Textile sales rose 4%, as Ecolab continued to help its customers improve operational efficiency via high performing products such as Performance low-temperature oxygen bleach and Fabric Relaxant, which reduces garment wrinkling.
Following the acquisition of Ecovation, food and beverage sales surged 17%—and sales rose 9% when the acquisition is not included. Key products that helped drive the gain included DryExx, a waterless conveyor lubricant that reduces the need for water consumption on beverage filling lines. Another sales driver was Octave FS, a patent-pending EPA-registered peroxyoctanoic acid-based foaming sanitizer and disinfectant that eliminates the post-rinse process for food contact surfaces.
The recession and higher fuel prices put a big dent in vehicle care sales, which fell 10%. Luckily, Ecolab didn’t sit still waiting for the recession to end. In the meantime,the company launched Blue Coral Beyond Green, a sustainability program that offers a range of products that conserve water and energy.
Sales within the pest elimination business rose 7% with gains in all core segments. During the year, the division launched an improved CheckPoint Rodent Program and Exterior Fly Bait Station.
Finally, GCS Service sales declined 1%.
Within the international business, Europe, the Middle East and Africa (EMEA) accounted for 34% of sales, followed by Asia Pacific (8%), Latin America (4%) and Canada (3%). Business in the EMEA region rose 3%. During the year, the company set up headquarters in Zurich.

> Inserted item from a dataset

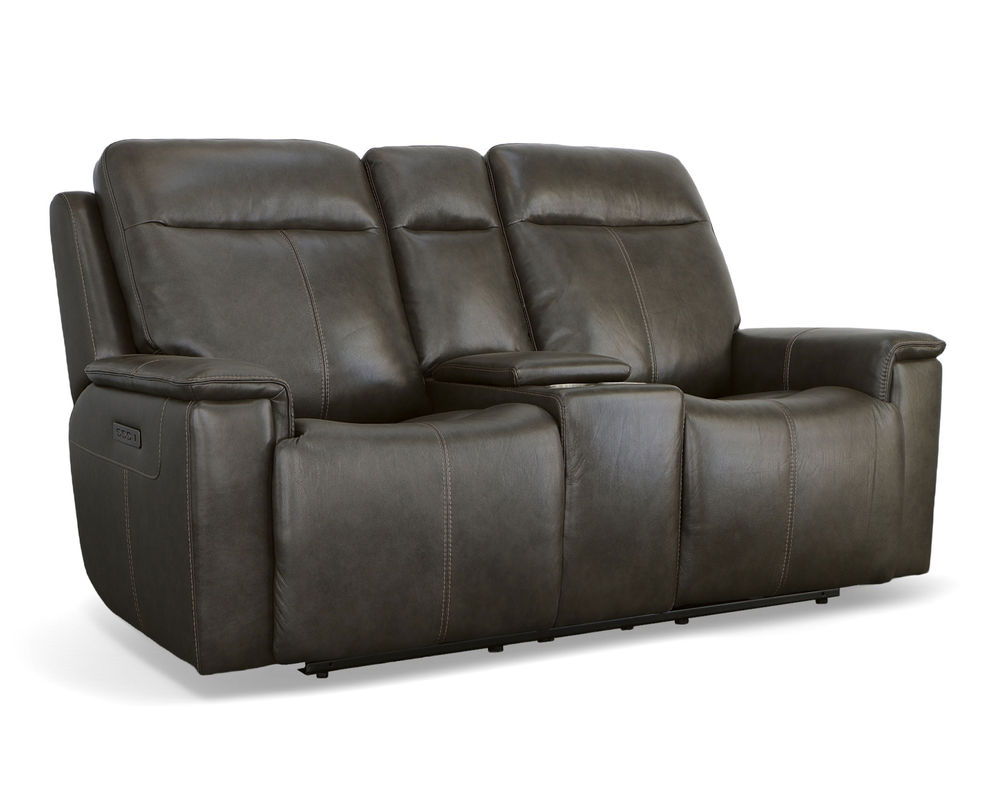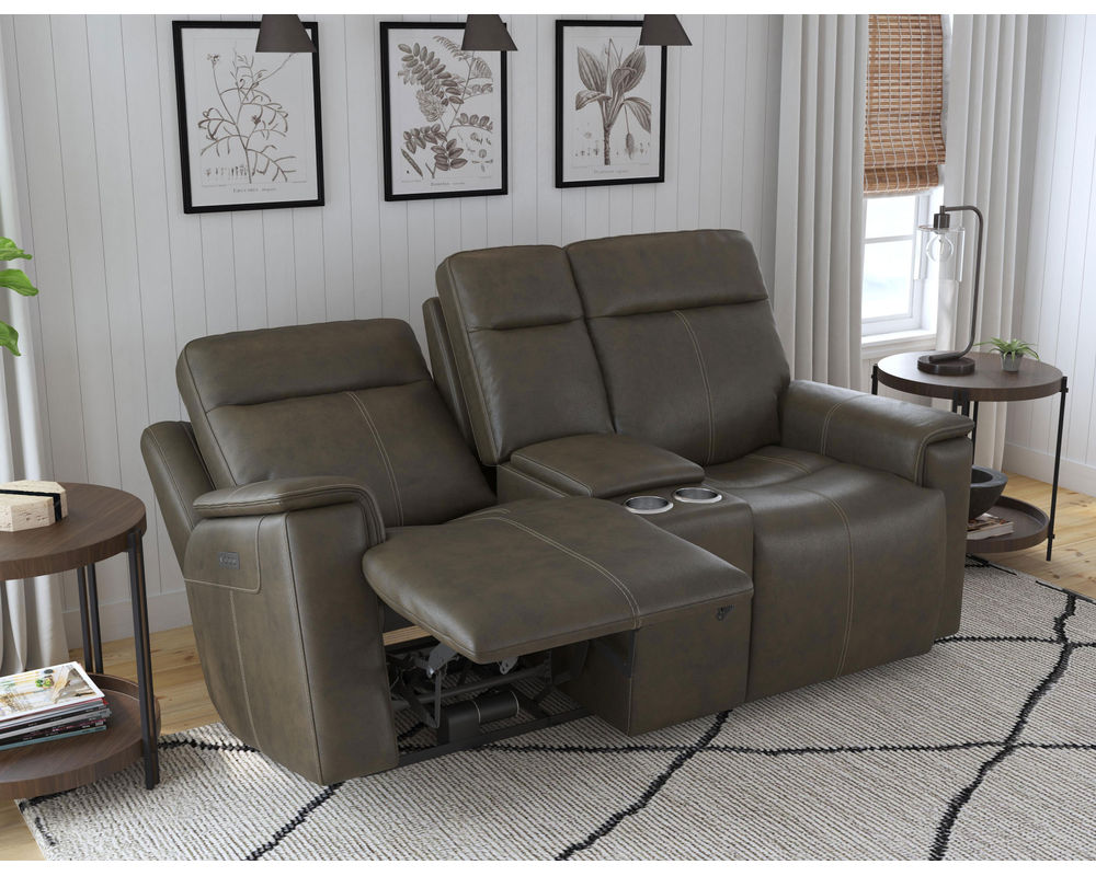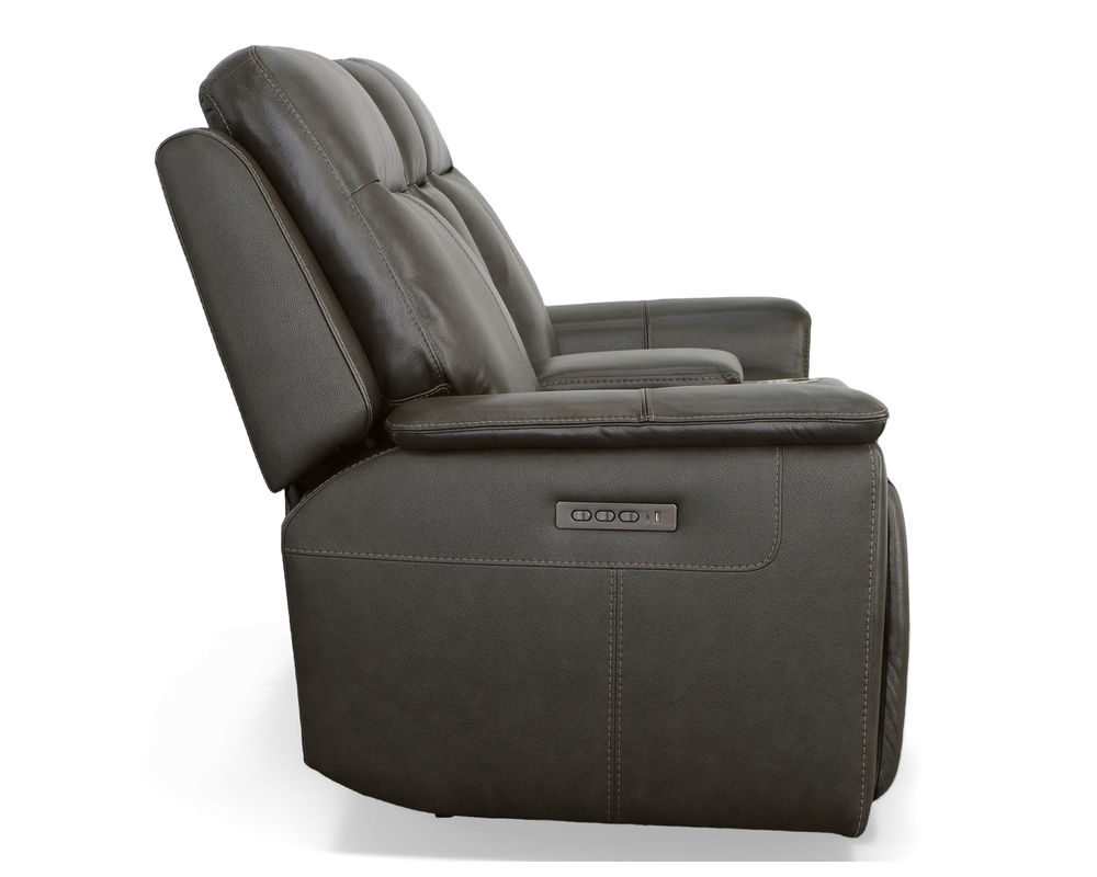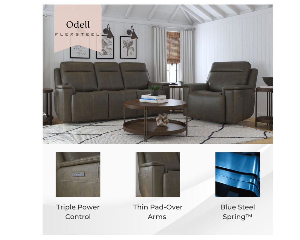 The Flexsteel Odell 1739 Power Reclining Console Loveseat is the perfect combination of ergonomic support and stylish design. Its modern silhouette is characterized by clean lines, thin pad-over arms, and subtle pull tufting on the high-divided backs, adding a touch of sophistication to any living space. With triple power functionality, you can independently adjust both headrests, and lumbar support, and recline to achieve the perfect level of relaxation. Plus, Zero Gravity technology creates a feeling of weightlessness, reducing pressure on the body. It also includes convenient built-in USB ports for easy device charging and a storage console for keeping beverages and remotes within easy reach. Available in two beautiful color options, the Odell Loveseat is upholstered in luxurious, long-lasting top-grain leather. With its ergonomic design and stylish look, the Flexsteel Odell 1739 Power Reclining Console Loveseat is the perfect choice for any home.

Sales in Canada rose 6% on the strength of a number of launches based on sustainable solutions, including CheckPoint Rodent program and DryExx dry lube.
The Asia Pacific region reported an 8% sales gain. Ecolab was a supplier to the Beijing Olympics, a role it has fulfilled in 14 of the 16 previous Olympic Games.
In Latin America, sales jumped 15% as all regions reported double-digit gains. Growth was achieved in food retail and pest elimination segments.
Ecolab is taking aim at air pollution. In April, the company pledged to reduce U.S. greenhouse gas (GHG) emissions by 20% per dollar sales from 2006 to 2012. The firm has committed to the reduction goal as part of the U.S. Environmental Protection Agency’s (EPA’s) Climate Leaders program, which Ecolab joined in 2005. To achieve its goal, Ecolab is focusing on its two largest GHG emissions categories—sales-and-service vehicles and facilities. Facilities include manufacturing plants as well as the corporate headquarters and research and development facilities. The company has developed an energy and GHG reduction program for its facilities and will be moving toward more fuel-efficient vehicles and vehicle service routes, as well as less GHG-intensive fuels when feasible.
Despite all the positives, in January Ecolab announced a restructuring program that is expected to result in pretax savings of $70-80 million. The restructuring program calls for a 4% reduction in the global workforce (about 1000 positions), trimming the number of SKUs by 40% and optimizing formulas to reduce environmental and cost impact, optimizing the supply chain by closing plants and distribution centers and closing two non-strategic healthcare businesses.
It will take a while for these moves to have any impact. In the meantime, for the first quarter of 2009, sales fell 8% to $1.3 billion and net income fell 44% to $57.4 million.